* **Task requirements**
Retype only what runs from the first line of the listing to the line holding "Upgrade your bathroom", both included. Do not retype the pictures.

* **Source data**
+-------+

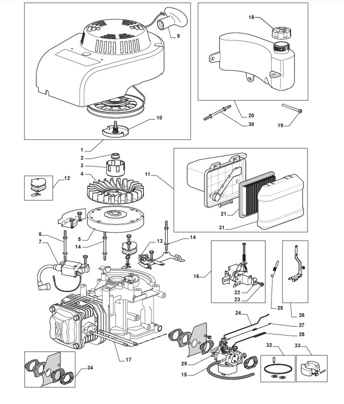 Hier finden Sie alle Ersatzteile von Castelgarden Benzinrasenmäher ab 2009 XAP 55 MGS (ID 292148043/09) aus der Zeichnung Motor - ST. WBE0704 (1):
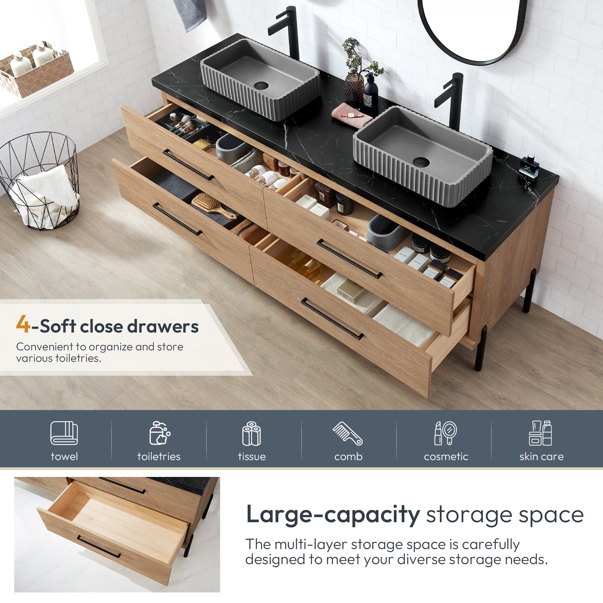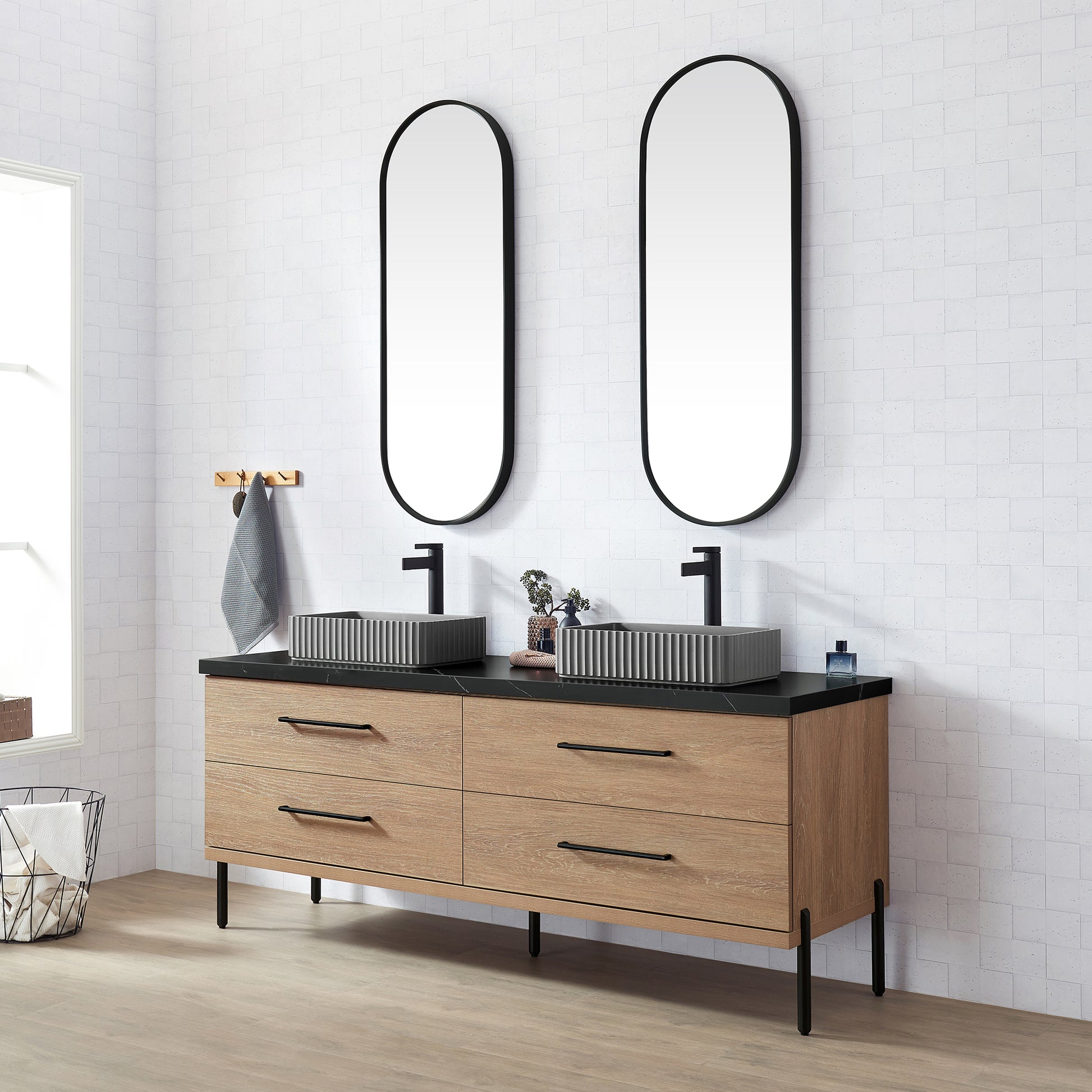 Upgrade your bathroom with the Trento 72A Double Sink Bath Vanity in North American Oak with Black Sintered Stone Top with Concrete Sink today!
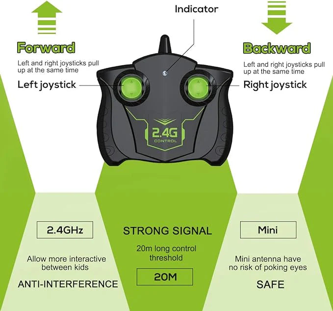 šĀ Amazing Stunt Design:Ā Experience the thrill of incredible stunts with the VAZILLIO stunt car! It can perform forward, backward, left, and right turns, as well as impressive 180 flips and 360 rotations. Pushing the 2 joysticks toward opposite directions results in a fast rotating motion resembling an inverted cone of light. With a maximum speed of 9mph, the excitement never ends.
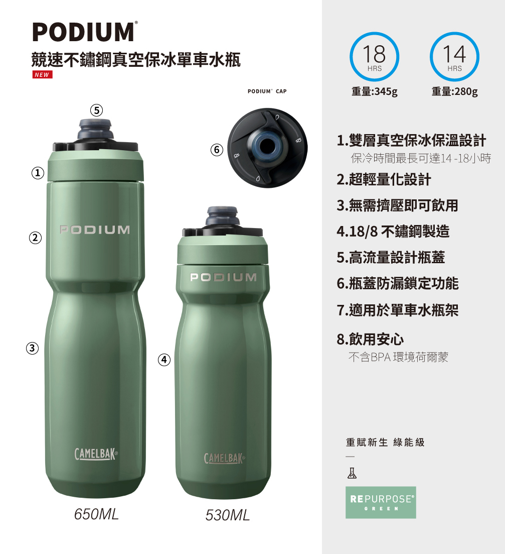 CamelBak 530ml Podium 競速真空保冰單車水瓶 青苔綠
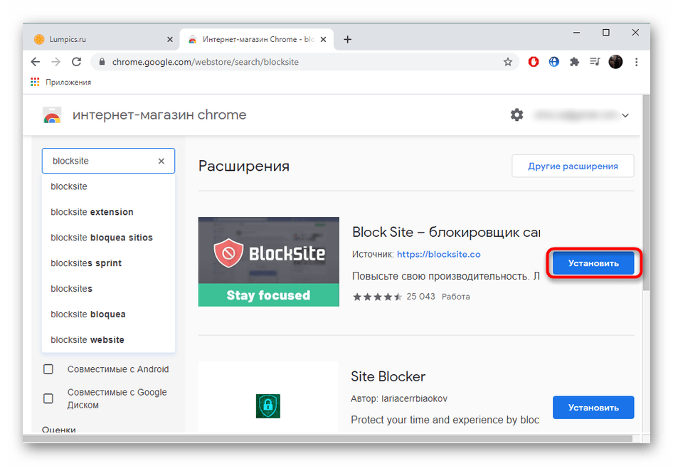Если вы хотите блокировать сайты при помощи расширений, но приведенный выше вариант вам не подходит, воспользуйтесь магазином дополнений используемого веб-обозревателя, отыскав там другие подходящие приложения. Установите их и настройте примерно по тому же алгоритму, который был продемонстрирован только что.
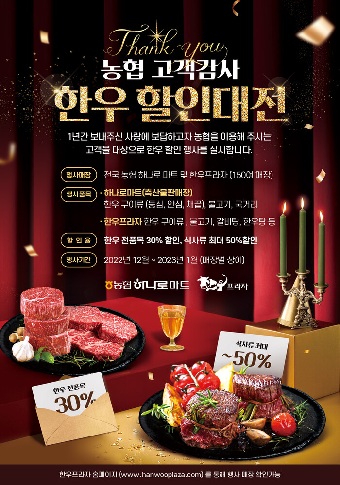 13일부터 12월말까지 전국 농·축협 하나로마트와 축산물판매장 107개 매장에서 구이류(등심, 안심, 채끝), 불고기, 국거리를 30% 할인 판매하며, 내년 1월말까지는 농·축협 한우프라자 43개 매장에서 구이류와 불고기, 육회, 식사류(갈비탕, 한우탕 등)를 최대 50%까지 할인 판매한다. 할인행사에 대한 자세한 내용은 한우프라자와 홈페이지에 게시된 농·축협에 문의하면 된다.

+-------+

* **Exercise response**
 Hier finden Sie alle Ersatzteile von Castelgarden Benzinrasenmäher ab 2009 XAP 55 MGS (ID 292148043/09) aus der Zeichnung Motor - ST. WBE0704 (1):
 Upgrade your bathroom with the Trento 72A Double Sink Bath Vanity in North American Oak with Black Sintered Stone Top with Concrete Sink today!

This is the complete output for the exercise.